3.4. Laminar Flow Velocity Profile in Microchannels

The µTesla pump was connected to a microfluidic mixer and velocity profile inside the channel was quantified with nanoparticle velocimetry using dark field microscopy. 70 nm spherical gold nanoparticles were diluted in water and pipetted inside the microchannel before connecting the µTesla pump.

Flow across a channel of 500 µm by 500 µm cross section was then visualized under dark field to observe the nanoparticle scattering. The majority of the nanoparticles aggregated to form bright clusters easily visible even under short integration times. The pictures taken at 100 and 200 ms integration times, tailored to the speed of the flow, were analyzed in ImageJ. The calibrated distances of the particle streaks, Figure 6 inset, was divided by the integration time to yield particle velocity. As expected at the flow rates under 14 µL/min, velocity profile mimics the parabolic shapes in the laminar regime.

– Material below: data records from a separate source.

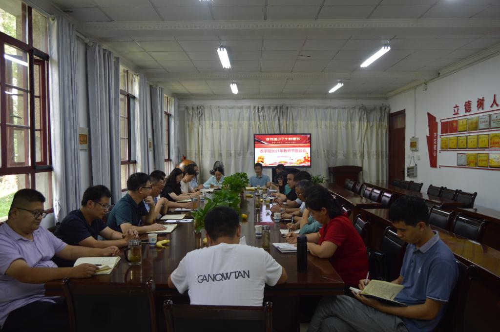 立志永远跟党走,立德树人新时代。为庆祝第37个教师节,同心合力共谋学院发展,9月8日下午,农学院在学院会议室召开以“欢度节日、共谋发展”为主题的2021年教师节座谈会。学院党委委员、班子全体成员、分工会主席、中老年教师代表及2017年1月1日以后来校、来院工作的教师出席了座谈会。座谈会由学院党委副书记、院长崔广荣主持。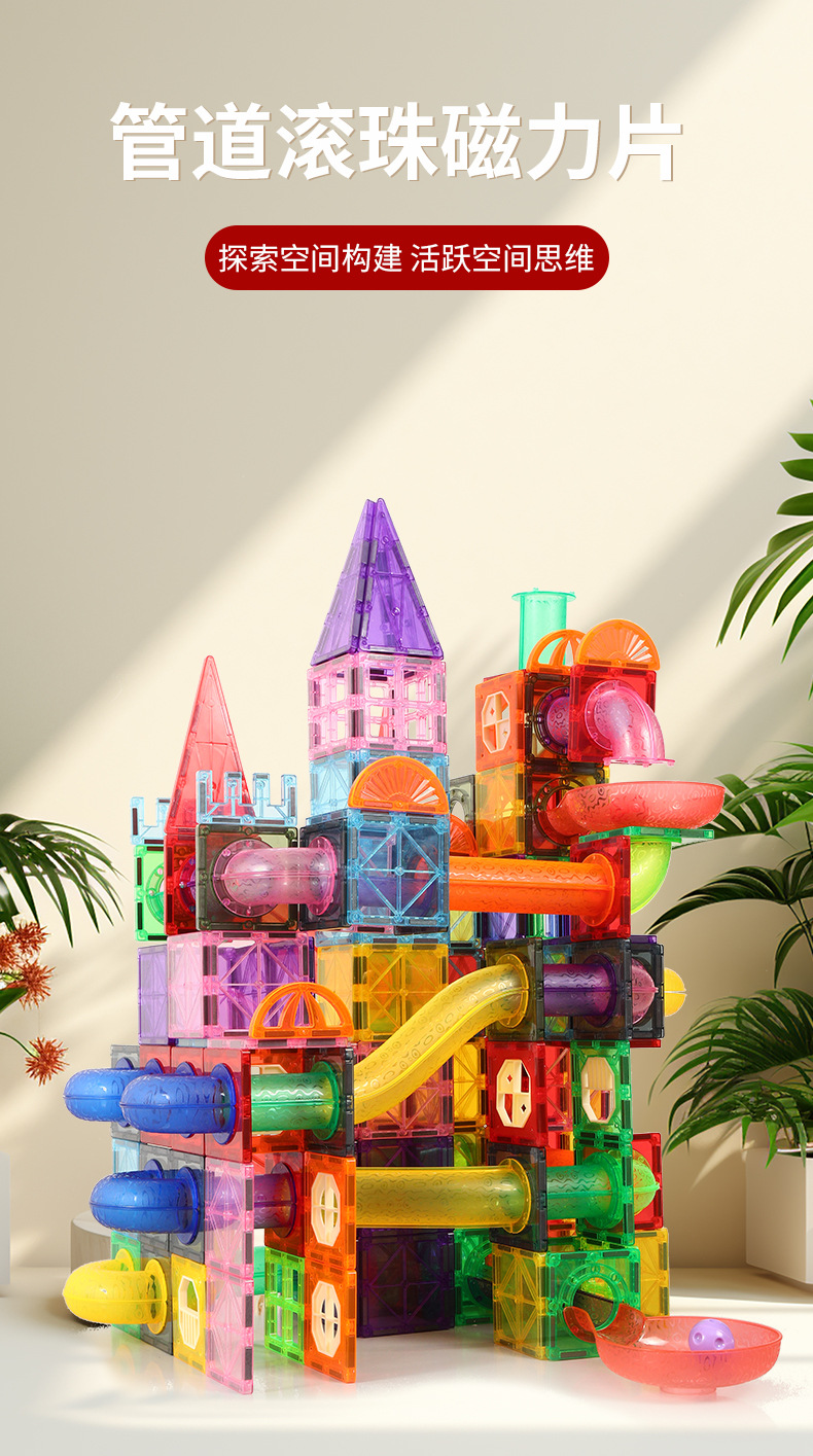 큰 공 파이프 컬러 창 자기 시트 강한 자기 파이프 세트 어린이 교육 자기 건물 블록 장난감스토어 가기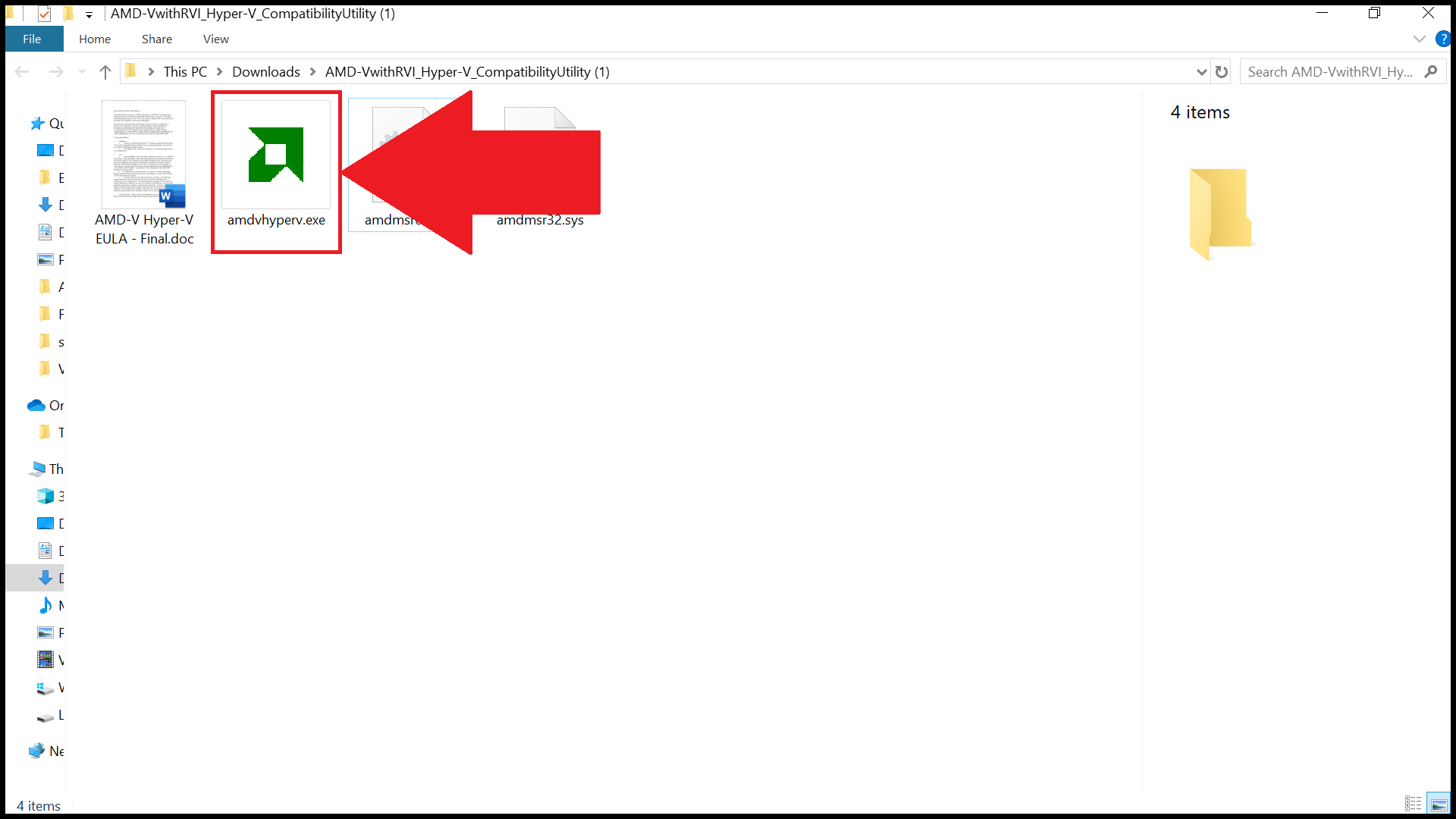 3. 압축이 풀리면 AMD-V 감지 유틸리티의 .exe 파일을 마우스 오른쪽 버튼으로 클릭하고 관리자 권한으로 실행을 선택합니다.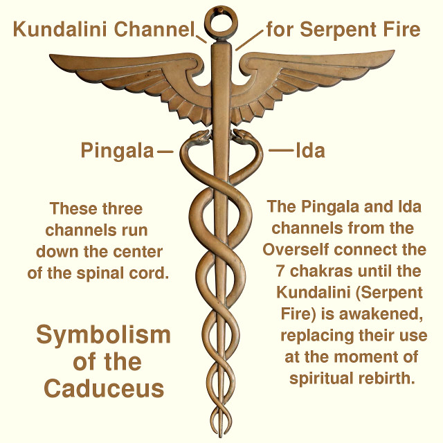 The illustration of the caduceus suggests that the moment a "spirit" is born, when the intelligence and psyche are united at the raising of the Serpent Fire (spiritual rebirth), is when the Ida and Pingala channels to the Overself are shut down at that time, making the new spirit formed from that union completely independent from the nurturing Overself.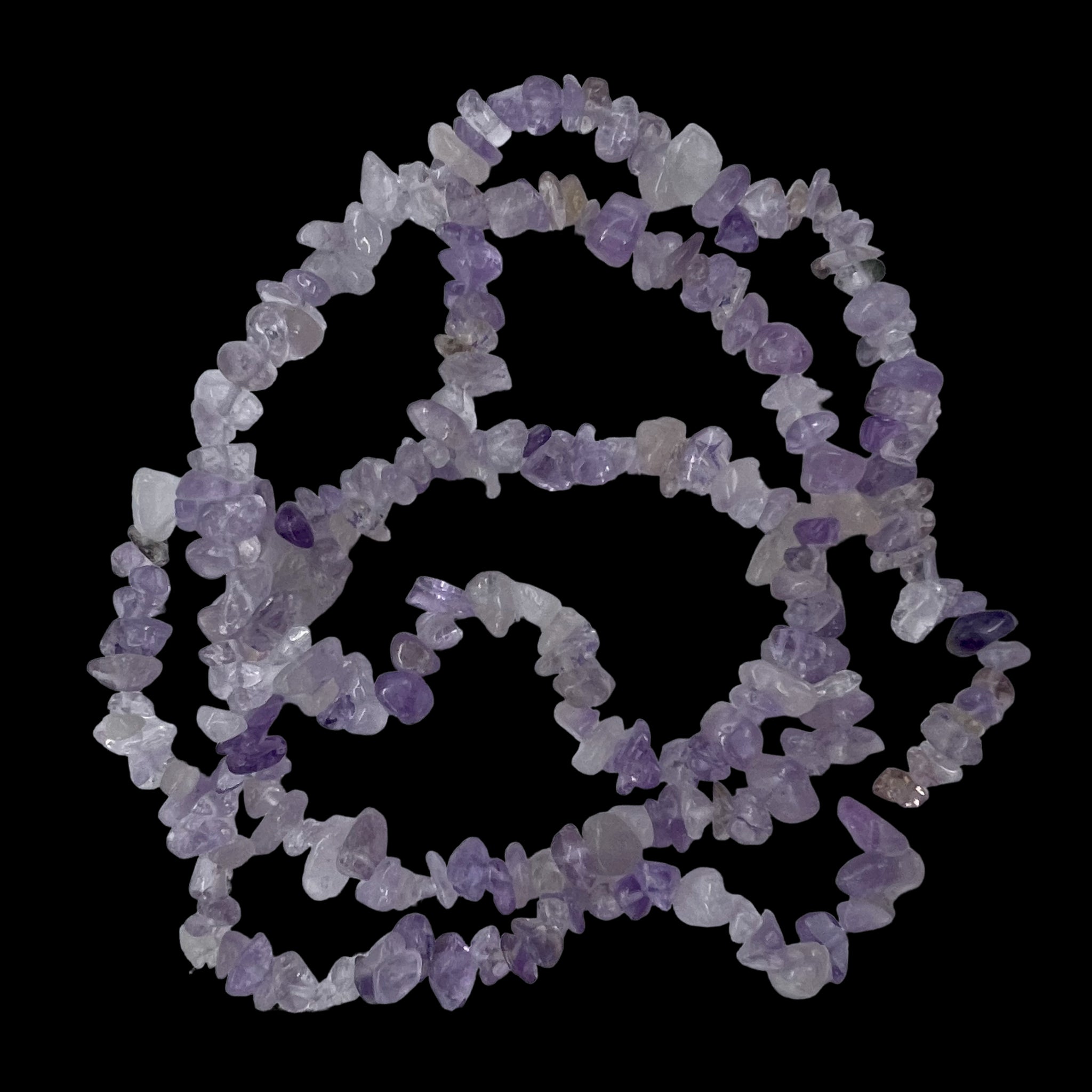 Embrace the beauty and tranquility of Lavender Purple Amethyst Strand Chips, and let their soothing energies enhance your creations and bring a sense of calm to your life.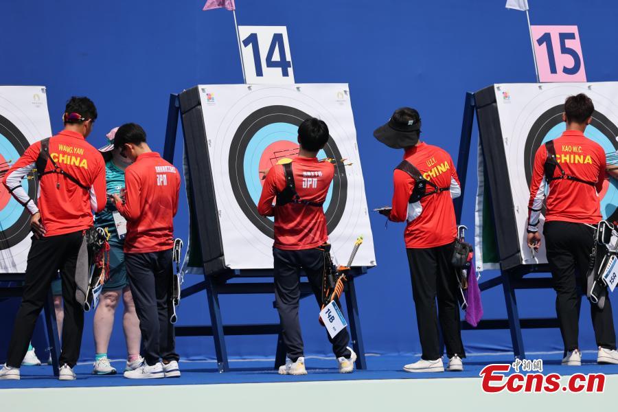 Athletes check their scores during the men's individual ranking round of archery of the Paris 2024 Olympic Games at the Esplanade des Invalides, France, July 25, 2024. (Photo: China News Service/Sheng Jiapeng)
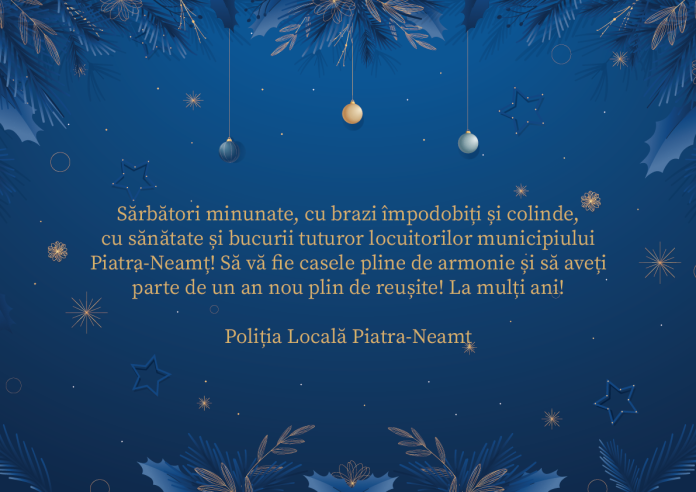 Felicitări de Sărbători Poliția Locală Piatra-Neamț De către AtitudineadeNeamț - 24/12/2024 0 FacebookTwitterPinterestWhatsApp Post Views: 53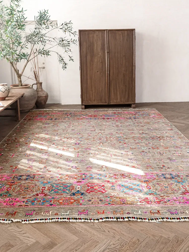視覚的な味わい アフガニスタン直輸入 手作りウールカーペット Gabbehスタイルのヴィンテージ高級リビングルームラグ
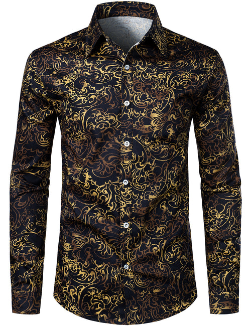 Men's Vintage Paisley Floral Casual Long Sleeve Cotton Regular Fit Black Dress Shirt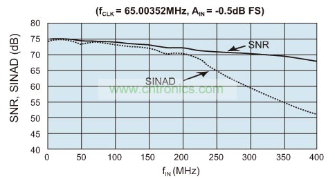 圖1:MAX12559在96MHz時鐘頻率、-1dBFS輸入時,SNR和SINAD與輸入頻率的對應(yīng)關(guān)系曲線。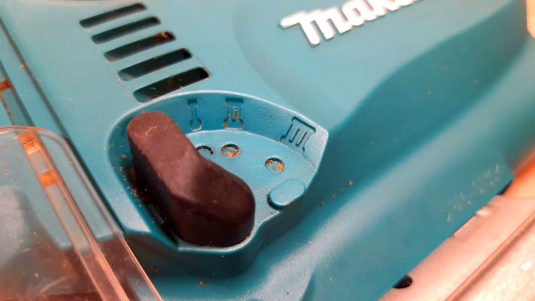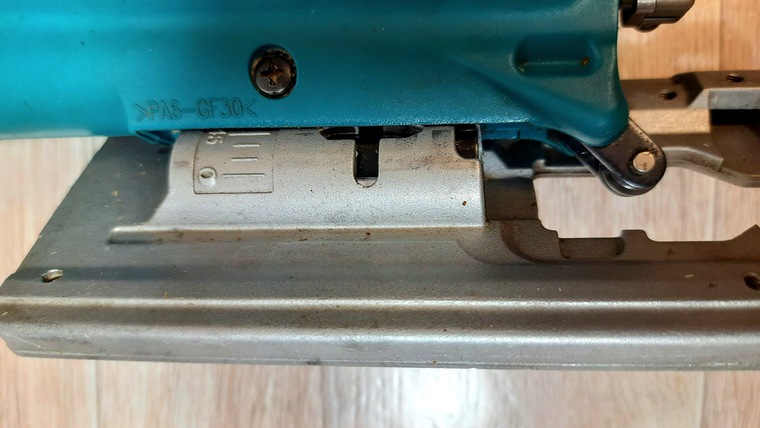 Переключатель имеет шесть положений и изменяет пропорционально частоту хода полотна пилки от 500 на первом положении переключателя до 3100 на шестом. Для эффективного пиления древесины, достаточной частотой хода, по многим источникам, считается 2500, а вот для пиления металлов частоты в 3100 ходов будет достаточно только впритык. К тому же, длительное пиление металла на максимальной скорости создает угрозу перегрузки двигателя.

4. Results of Driving the Tesla Inspired Microfluidic Mixer

To demonstrate the usage, two µTesla pumps were coupled on the same laboratory stir plate, Figure 1, to guarantee the same flow rates that pumped red and blue food dye into the microfluidic mixer network (Figure 7 insert). This particular network incorporates mixer geometries inspired by the Tesla-valve, another fluidic work that Nicholas Tesla patented in 1920 [20]. The valves were typically used to create asymmetric flow resistance, where flow in one direction has much higher resistance than another. Here, it is used to create folding flows to provide convective mixing inside the gradient generator network. Instead of tuning the pump speed, additional fluidic resistance in Tygon tubing was added to the microfluidics to reduce the flow rates. The resultant color mixing was captured under the stereomicroscope and analyzed by ImageJ. The blue and red channels were analyzed to find their 20% to 80% intensities, and the width between these were plotted against the fluidic resistances applied. As expected, we observed higher mixing at higher resistance, or low flow rates, Figure 7. The maximum gradient width achieved at 3 nL/min flow rate was 4 mm wide. This gradient was a demonstration of an all-Tesla-fluidics based system for microfluidic applications.

5. Future Works

Further miniaturization and integration into a single microfluidic substrate can open the doors to a number of µTesla based lab-on-a-chip applications. In order to achieve this, three future improvements should be made: (1) The print resolution can be improved, either through higher print resolution or lower surface tension platforms used in competing DLP systems; (2) the fluid path along the axial holes and the spout apertures needs to be optimized to account for differential pressure drops across the disks [38]; (3) electromagnetic integration would eliminate the stir plate and provide a self-powered device that can be visualized under both upright and inverted microscopes. Future studies on the temporal responses of the µTesla’s flow, both through simulation and flow visualization between the disks (a challenging task at the microscale level) can also reveal additional performance and efficiency characteristics of the µTesla pump. These works represent many exciting research directions this current work may lead to in the future.

6. Conclusions

A miniaturized Tesla turbine fluidic pump was designed and fabricated using DLP based 3D printing. The turbine geometries were designed with low Reynolds number of 1000. The DLP lithography 3D printing required the optimization of feature sizes, support structures, and gap to platform distances to minimize surface tension and residual stress that may warp the printed parts. The resultant µTesla pumps were coupled magnetically to a lab stirring plate to provide rotor actuation up to 1200 rpm, where it achieved a pump pressure of 253 Pa and maximum flow greater than 12 mL/min. Coupling this µTesla pump to a microchannel mixer with Tesla-valve inspired geometries generated gradients using color dyes. In this manner, a complete pump-and-microfluidic system was realized based on Tesla’s fluidic theories. Future miniaturization by optimizing the print resolution and integrating electronics has the potential to create a low cost, low complexity, self-powered, unified lab-on-a-chip device for bioassay applications.